Cleaning Messy Data Using Open Refine
This post discusses a nightmare activity that people working with data face everyday. It is putting the data in a format ready to be processed according to your need. No doubt that working with data sets has become a vital activity in everyday work; not only for developers but also for mathematicians, statisticians, …endless list. The problem is that real data sets have some inconsistencies; for example a variability in data format ( Oct. 7, 2015 vs. 10/07/2015 vs. October, 7 2015, vs. ….etc.). Problems like misspelling, extra spaces, random punctuation or weird capitalization plague your data consistency and accuracy. These problems arise when we retrieve data or work with data from multiple sources that are not inter-operable.
So, in this post I’m giving a brief introduction to Open Refine (formerly Google Refine) as a very easy-to-learn tool to prepare your data for further processing.
First, download the tool from this link. Choose the appropriate version for your operating system. Instructions on how to launch it is given too. It’s noteworthy that Open Refine is a free open source tool that was supported by Google till late 2012. The source code is available on GitHub too if you are kind of a hardcore developer who wants to dig into the details.
What Can It Do?
When you first launch the application, it looks like the following picture:
In this window, you can first explore your data. Data can be in any of the supported formats listed (TSV, CSV, *SV, excel, JSON, XML and Google sheets).
Can Open Refine work on any size of data?
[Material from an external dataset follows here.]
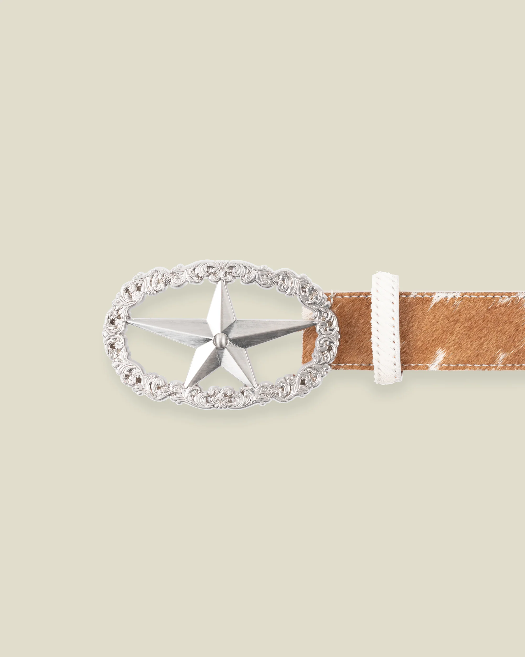 The Ornament Star Belt is crafted from 100% genuine leather. The silver Buckle is oval shaped and consists of highly detailed Systemic Ornaments and a big Systemic Star in the middle. This belt features a unique cow hair pattern that adds a touch of luxury to any outfit. The standout design is completed with a striking metal star tip, making it the perfect accessory to elevate your look.

Yes and No. Theoretically, there is no restriction on the data size. So, yes. However, it depends on how much memory you installed in your machine as well as how much memory is allocated to Open Refine process itself. If you work with very large data sets, this link will tell you how to increase the amount of memory allocated to your process.
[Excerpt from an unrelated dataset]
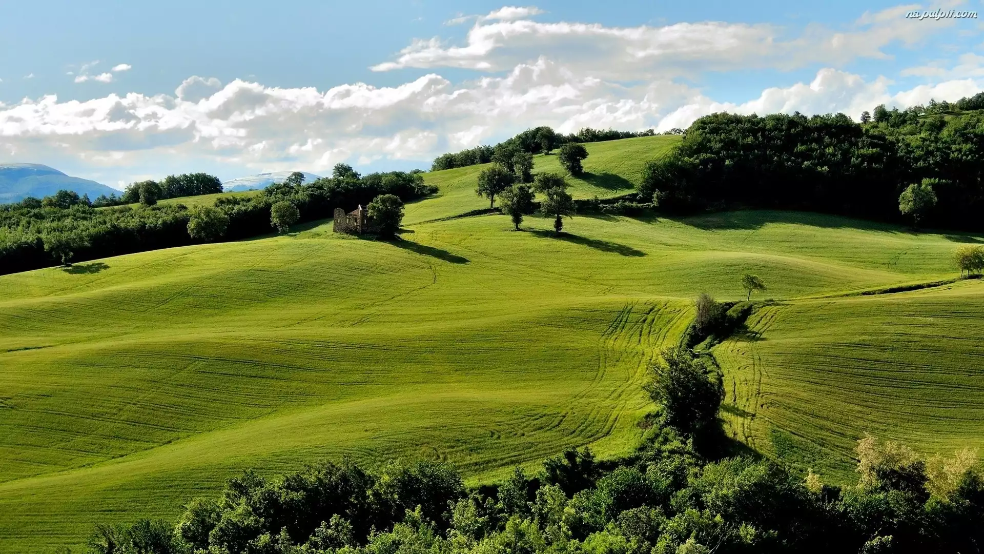 Drzewa, Łąki, Wzgórza, Pola Na Pulpit

Now, go ahead and choose a file then hit next .. (In this exercise, you may use any sample data set or have a list of publicly available data sets you would like to discover from here)
1. Explore Data
I have used this data set and got the following:
In the top half of the screen, it shows a windows on the data where you can have a look at column names and some sample data (in order). In the bottom half of the screen, it tells you how Open Refine parsed your file (as CSV in my case) and some preview options that you can tweak to get different views. At this point, you are just exploring data. To proceed to edit it, you should click on create project on the top-right corner of the screen.
2. Create The Project and Clean Your Data
When the project is created, Open Refine transforms your data into a local database where it can manipulate it faster. Data is not sent over the internet for processing; so don’t worry about your data privacy. My created project page looks like:
You can see that I have near 460k rows as well as the columns. You can navigate through this view using
<first, previous next, last> links on the top right.
Clean Your Data
Now comes the meat. What can you do to clean your data? Note that this tool is not automated. You have to tell it what to clean and how to clean it. It just makes the process of cleaning very fast instead of writing a code to clean it.
In a specific column, if you want to filter all rows that have a specific value in this column, hit the small arrow beside column name and click text filter. Write your filter criteria on the left. This will shows only the rows that match your filter.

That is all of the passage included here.